5. If a Multi-Reader Multi-Case (MRMC) Comparative Effectiveness Study Was Done
No, an MRMC comparative effectiveness study was not performed. This type of study is relevant for evaluating the impact of an AI algorithm on human reader performance for diagnostic tasks using medical images. This submission is for a medical display system, where regulatory clearance is based on its technical compliance with established standards for image presentation, not its impact on diagnostic accuracy through reader studies.
6. If a Standalone (i.e. Algorithm Only Without Human-in-the-Loop Performance) Was Done
This question is not applicable. The device is a display system, not a diagnostic algorithm. Its "standalone performance" refers to its ability to meet display standards, which was evaluated through technical tests (DICOM and AAPM compliance) as described.
7. The Type of Ground Truth Used
The ground truth used for evaluating the display system's performance was:
- Established Industry Standards: DICOM Part 14 Grayscale Standard Display Function (GSDF) and AAPM TG18 display quality control guidelines.
- These standards define objective requirements for luminance response, uniformity, resolution, and other visual characteristics essential for medical image display.

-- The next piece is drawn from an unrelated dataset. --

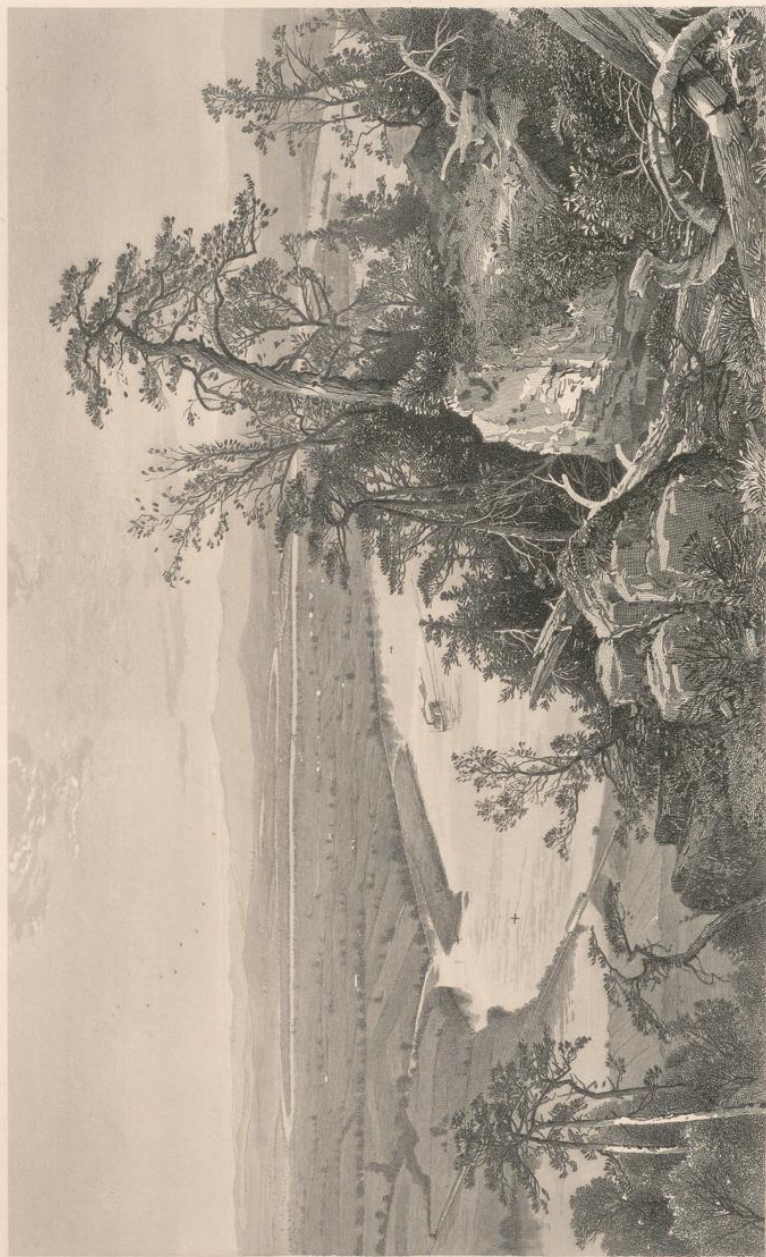
Connecticut Valley from Mount Tom

8. The Sample Size for the Training Set
This question is not applicable. The device is a medical display system, not an AI algorithm that requires a training set of data.
9. How the Ground Truth for the Training Set Was Established
This question is not applicable for the reasons stated above.
§ 892.2050 Medical image management and processing system.
(a)
Identification. A medical image management and processing system is a device that provides one or more capabilities relating to the review and digital processing of medical images for the purposes of interpretation by a trained practitioner of disease detection, diagnosis, or patient management. The software components may provide advanced or complex image processing functions for image manipulation, enhancement, or quantification that are intended for use in the interpretation and analysis of medical images. Advanced image manipulation functions may include image segmentation, multimodality image registration, or 3D visualization. Complex quantitative functions may include semi-automated measurements or time-series measurements.(b)
Classification. Class II (special controls; voluntary standards—Digital Imaging and Communications in Medicine (DICOM) Std., Joint Photographic Experts Group (JPEG) Std., Society of Motion Picture and Television Engineers (SMPTE) Test Pattern).